I am probably using the cql backend wrong somehow and would appreciate any help on what else to do! Thanks, Lilly
Am Dienstag, 8. Oktober 2019 09:05:56 UTC+2 schrieb Lilly:
toggle quoted message
Show quoted text
Hi Jan, Ok then I probably screwed up somewhere. I kind of thought this was to be expected, which is why I did not check it more thoroughly.
Maybe the way I persisted is not working well for cql.
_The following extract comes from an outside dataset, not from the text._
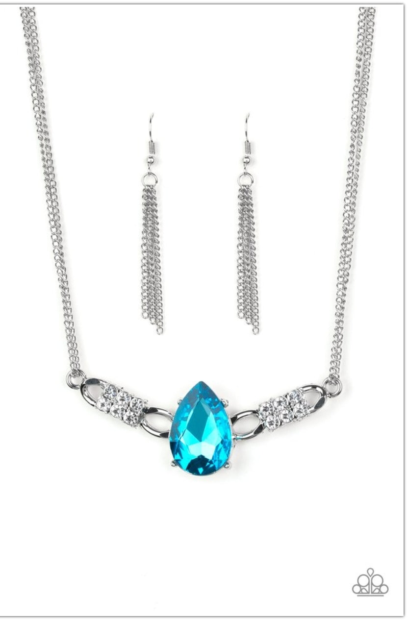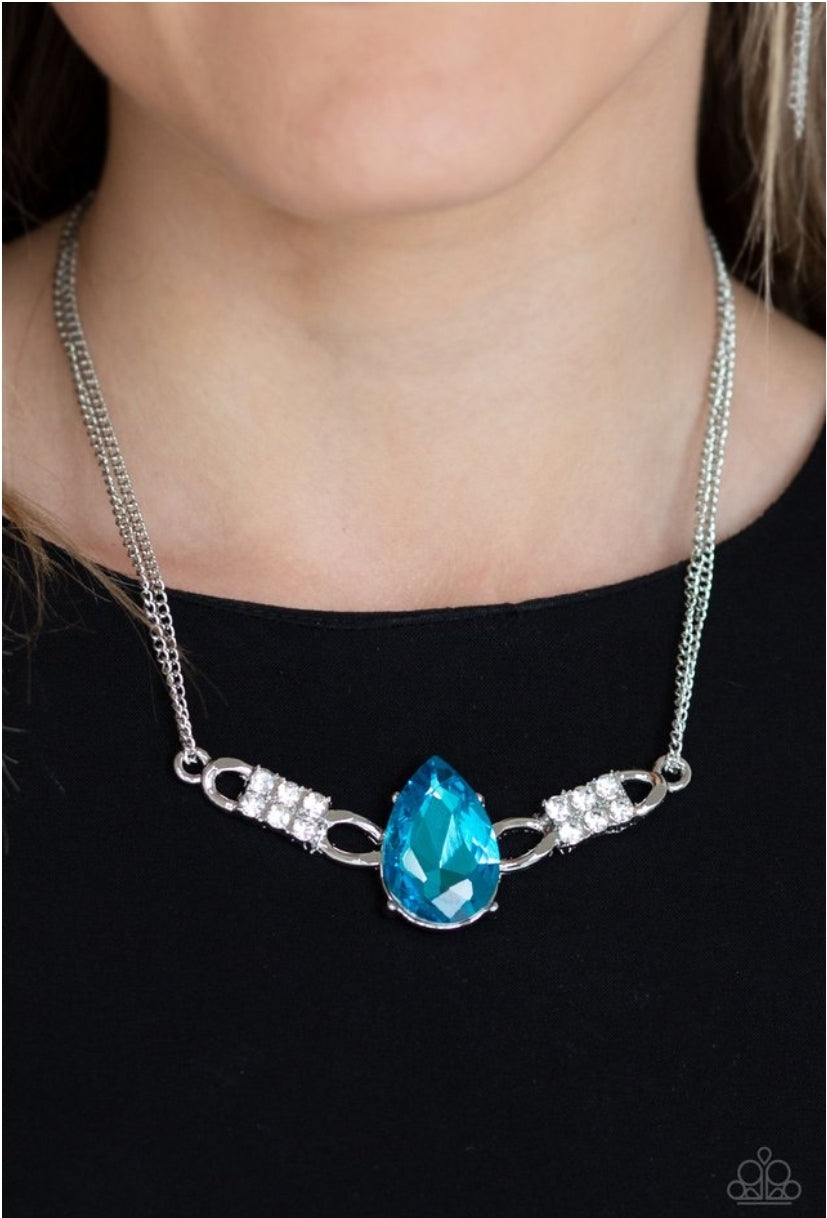 Cut into an alluring teardrop, an oversized blue rhinestone gem attaches to bold silver frames radiating with glassy white rhinestones. The dramatic pendant attaches to doubled silver chains, swinging horizontally below the collar in a glamorous fashion. Features an adjustable clasp closure.

I will try to create a test scenario where I do not have to persist all my data and see how it performs with cql again.
In principle, what I do is call this function : public void updateEdges(String kmer, int pos, boolean strand, int record, List<SequenceParser.Feature> features){
if(features == null) { features = Arrays.asList(); }
g.withSideEffect("features",features) .V().has("prefix", kmer.substring(0,kmer.length()-1)).fold().coalesce(__.unfold(), __.addV("prefix_node").property("prefix",kmer.substring(0,kmer.length()-1)) ).as("v1"). coalesce(__.V().has("prefix", kmer.substring(1,kmer.length())), __.addV("prefix_node").property("prefix",kmer.substring(1,kmer.length())) ).as("v2"). sideEffect(__.choose(__.select("features").unfold().count().is(P.eq(0)), __.addE("suffix_edge").property("record",record). property("strand",strand).property("pos",pos).from("v1").to("v2")). select("features").unfold(). addE("suffix_edge").property("record",record).property("strand",strand).property("pos",pos) .property(__.map(t -> ((SequenceParser.Feature)t.get()).category), __.map(t -> ((SequenceParser.Feature)t.get()).feature)).from("v1").to("v2")). iterate();
} and every roughly 50000 calls I do a commit. As a side remark, all of the above properties possess indecees. And Feature is a simple class with two attributes category and feature.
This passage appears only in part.